LONG JOURNEY- Adriana DuVal and Talon Lightning carry headboards from the Red Deer Industrial School cemetery. The headboards belonged to students who had attended the school from 1893 to 1919. They will be on display at the Red Deer Musuem + Art Gallery.

LONG JOURNEY- Adriana DuVal and Talon Lightning carry headboards from the Red Deer Industrial School cemetery. The headboards belonged to students who had attended the school from 1893 to 1919. They will be on display at the Red Deer Musuem + Art Gallery.

Historic headboards mark significant chapter in City’s past

Descendants of local students carry grave markers to museum

Four wooden grave headboards were recently carried through City streets by grandchildren of students from the Red Deer Industrial School.

The headboards, rotted and fallen in their places, once marked the graves of four people who died at the school and were buried in the school’s cemetery on the banks of Sylvan Creek, west of Red Deer.

The markers, with a few letters and dates, have been stored in a private garage until now.

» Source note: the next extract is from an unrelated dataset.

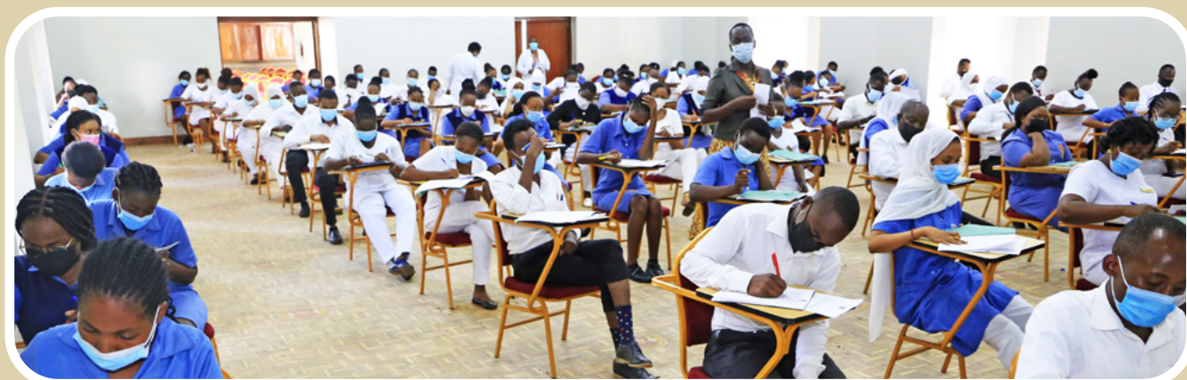
Students in examination room during FQE

We hope you enjoy reading this Bulletin and we look forward to your feedback for future improvement.

The four grandchildren Adriana DuVal, Mari Marcellus, Rhett McLeod and Tallon Lightning were accompanied by drumming and singing, elders, First Nations and Metis family and community members, chiefs, Mayor Morris Flewwelling, United Church officials and the Remembering the Children Working Group during the Remembering the Children commemoration ceremony, which was held last week.

“The significance of this ceremony is to commemorate, recover and preserve the unmarked burial site that was associated with the Red Deer Industrial School,” said Eric Large, residential school coordinator in the Saddle Lake Cree Nation as well as one of the organizers of the ceremony held in Red Deer. “It’s very special to have the grandchildren carry these headboards. Some of them are descendants of up to 350 students that have been identified that went to the school. It’s only fitting that the children here today are carrying the headboards.”

The Red Deer Industrial School was built by the federal government and was located in Red Deer County from 1893 to 1919 by the Methodist Church under an agreement with the government. A cemetery in conjunction with the school was established in about 1893 nearby on the banks of Sylvan Creek.

In 2005, the Sunnybrook United Church in Red Deer realized that this cemetery was unrecognized and uncared for. A group from the congregation decided to do research, collect information and pursue getting the cemetery recognized and marked as a way to live out the United Church apologies. They found that the school principal’s house and school foundations still exist.

Students from the First Nations of Saddle Lake, Whitefish Lake, Paul Band, Samson, Louis Bull, Montana, Morley and Nelson House as well as Manitoba and Metis attended the school. Three hundred and nineteen names of the children are recorded with their year of registration up to 1914 with the last five years not fully known.

At the commemoration ceremony held in Red Deer last week Brian Lee, First Nations chief said the preservation of the headboards is the first step in healing.

“I feel bad that these children didn’t get to have a proper burial.”

MLA for Red Deer south Cal Dallas also addressed those in attendance at the ceremony.

“On June 11, 2008 on behalf of the Government of Canada, the prime minister made an apology to former students of the Indian Residential Schools,” he said. “The Government of Alberta believes it is important that all students learn about the history of residential schools and about other First Nations, Metis and Aboriginal topics. That’s why Aboriginal issues are part of the Alberta school curriculum and why events like today are so important to help fill in that history with education.

“It’s fitting that we gather here in a City that sits on the borders of Traditional Treaty 6 and Treaty 7 lands because today’s ceremony marks the shared concerns for history and healing that crosses boarders and cultures.”

Lorna Johnson, executive director of the Red Deer Museum + Art Gallery received the headboards, which will be on display for a while before being placed in storage.